Duży temat.
- Na takich drzewach, poziomo wyprowadzonych, cięcie odnawiające, czyli usuwanie gałęzi po zaowocowaniu, jest typową praktyką. Systematyczne usuwanie znacznej części wilków także, obowiązkowo. Jak dokładnie prowadzić zależy od odmiany, bo owocujące na młodych (np. Szampion) wymagają systematycznej wymiany gałęzi 3-4 letnich, a tradycyjne (jak powiedzmy Jonathan) mogą mieć gałęzie owoconośne nawet nastoletnie.
- 1 Pierwsze zdjęcie mogłoby ilustrować podręcznik

pozostawione młodsze, słabsze, poziomo rosnące pędy. Z ładnym krótkopędami, obiecujące. Przynajmniej z lewej. Ale po prawej stronie coś goło to wygląda, będą rosnąć nowe wilki... zostawić rosnące słabiej i poziomiej, na nowe gałązki owoconośne, a pionowe najlepiej wyrywać gdzieś maj/czerwiec, póki młode (łatwiej niż ciąć i drzewu też łatwiej to zagoić) - o skórzanej rękawicy nie zapomniawszy. ;)

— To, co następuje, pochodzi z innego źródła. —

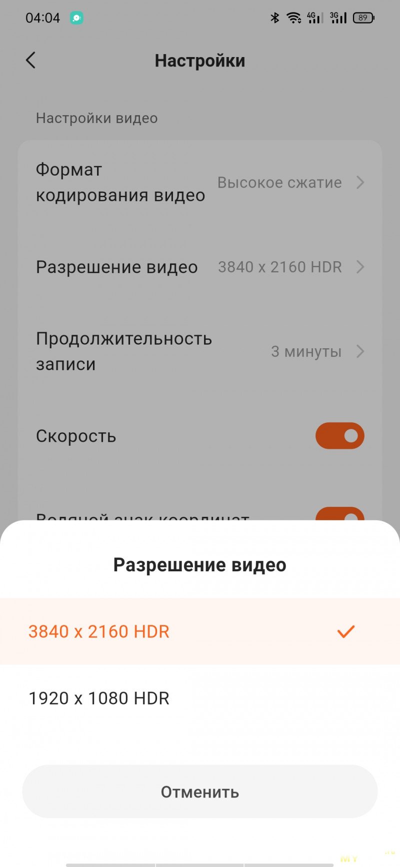 — 3-минутный файл в 4К весит 597 Мб, а со второй камеры в FHD — 217 Мб

Kikuty, czy sęczki jak to zwykle mówią, zostawia się aby nowe gałęzie miały z czego wyrastać, z młodego łatwiej wyrastają, normalna praktyka. Na kilka (2-4) cm lepiej, 10 cm mogą próchnieć. Jeśli się ma nadmiar pędów i chce aby mniej wilków wyrastało, lepiej ciąć na gładko, tj. 'za obrączką' (ale nie zimą...)

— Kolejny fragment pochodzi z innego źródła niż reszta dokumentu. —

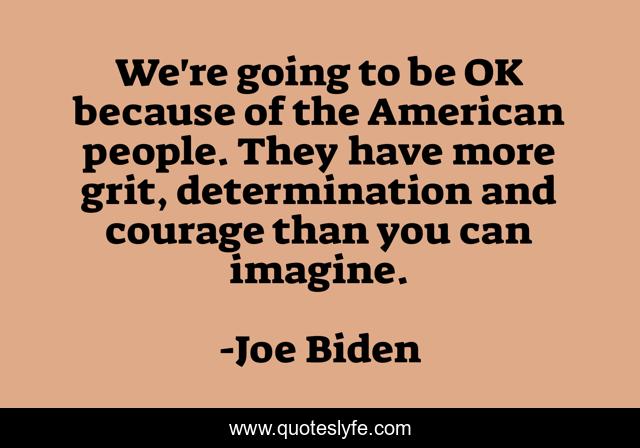 This page presents the quote "We're going to be OK because of the American people. They have more grit, determination and courage than you can imagine.". Author of this quote is Joe Biden. This quote is about american, determination,.

-2. Przedłużenia konarów - jeśli jest miejsce, warto jakieś młode przedłużenie zostawić, zmniejsza tendencję do 'produkcji wilków'. Oczywiście nie cały pęk, przerzedzić to należy. To co konkretnie na zdjęciu - ja bym odciął ten ostatni kawałek konara wraz z kilkoma gałęziami, a zostawił jakieś ładne przedłużenie z tych bliższych pnia. Takie skracanie grubszego konara to już wiosną, gdy drzewo rośnie. Albo latem. W istocie jest to już odmładzanie konara.
-3 zdjęcie - patrz pierwsze. Oczywiście drzewo owocuje na młodszych gałęziach, w tym rzecz. Należałoby pozostawić te które nie są aż tak pionowe, rosną słabiej i lepiej się rozgałęziają, albo wyrastają nieco pod skosem i dałyby się rozłożyć szerzej. Z czasem rozegną się pod ciężarem owoców. Można sobie optycznie wymyślić docelowy wygląd korony i pasujące do tego gałęzie rozgiąć, sznurkami wiążąc, we właściwe strony. A najsilniejsze i pionowe usunąć, bo jest tu za dużo (powiedzmy 1/3). I systematycznie, co kilka lat wymieniać, usuwając część starych i zostawiając obiecujące młodsze. Zależnie od odmiany (typu owocowania) należałoby stosować cięcie 'prześwietlające' lub 'odnawiające'. Corocznie lub co kilka lat. Stosunkowo mało pracy, ale trzeba.
Drzewo na 3 zdjęciu jest bardzo niskie i zupełnie pozbawione wierzchołka. Należy pamiętać że drzewa są z natury, fizjologicznie, przystosowane do wyrastania wzwyż - pochodzą z lasu, musiały konkurować z innymi o światło. A to akurat zostało pozbawione wyższych konarów, stąd robi co może by to nadrobić, wyjść do góry. Ja bym dał temu drzewu wierzchołek - znaleźć pęd rosnący z rozwidlenia konarów (albo prawie) i wyprowadzić jako przewodnik, z poziomo odchodzącymi konarami następnego piętra. A stare wilki na konarach porozginać szerzej (które się łatwiej dadzą), resztę usunąć lub skrócić. Niech drzewo ma jeden przewodnik. Jak poczuje że rośnie - przestanie aż tak wybijać w wilki.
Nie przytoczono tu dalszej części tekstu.